Medical data is factual. But what if we want a bot that is comforting?

1.  **Modify the formatting function**: Add a system instruction like "You are a caring friend."
2.  **Dataset**: I've provided a tiny list of mental health Q&A below.
3.  **Train**: Retrain the model on this new small dataset.

In [None]:
# Mental Health Mini-Dataset
mental_health_data = [
    {"q": "I feel sad.", "a": "I'm sorry to hear that. It's okay to feel down sometimes. Do you want to talk about it?"},
    {"q": "I am anxious.", "a": "Take a deep breath. Anxiety is tough, but you are not alone.

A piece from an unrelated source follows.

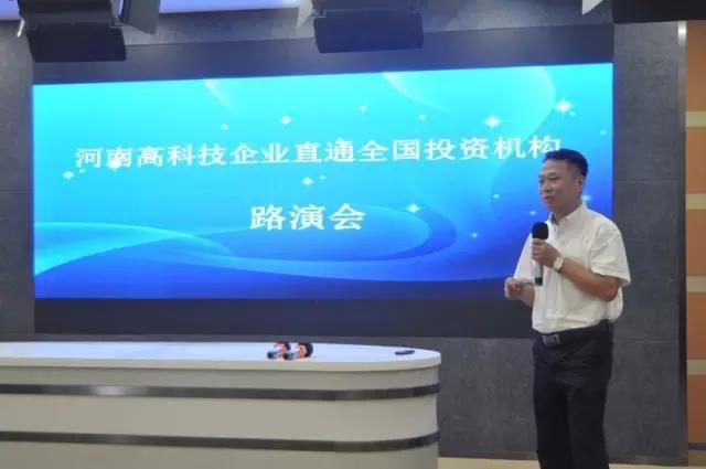2016年7月29日,由郑州高新区管委会证券办、高新区挂牌公司服务协会联合主办的第二期“河南高科技企业直通全国投资机构”路演会在高新区中原国家广告产业园内的河南路演中心圆满举行。

Let's focus on the present moment."},
    {"q": "Nobody likes me.", "a": "That must be a painful thought. I care about you, and I'm sure others do too, even if it's hard to see right now."}
]

# TODO: Create a new formatting function for this data
# def empathetic_format(example):
#     ...

# TODO: Fine-tune the model on this new list
# Hint: transform the list into a Hugging Face dataset first:
# from datasets import Dataset
# mh_dataset = Dataset.from_list(mental_health_data)

---

## Key Takeaways
1.  **LoRA** allows us to fine-tune significantly faster by freezing the main model.
2.  **Quantization** is great for NVIDIA GPUs, but smaller models (1B) run fine on Mac/CPU in `float16`.
3.  **Data Formatting** is critical in teaching the model *how* to speak (e.g., Q&A format).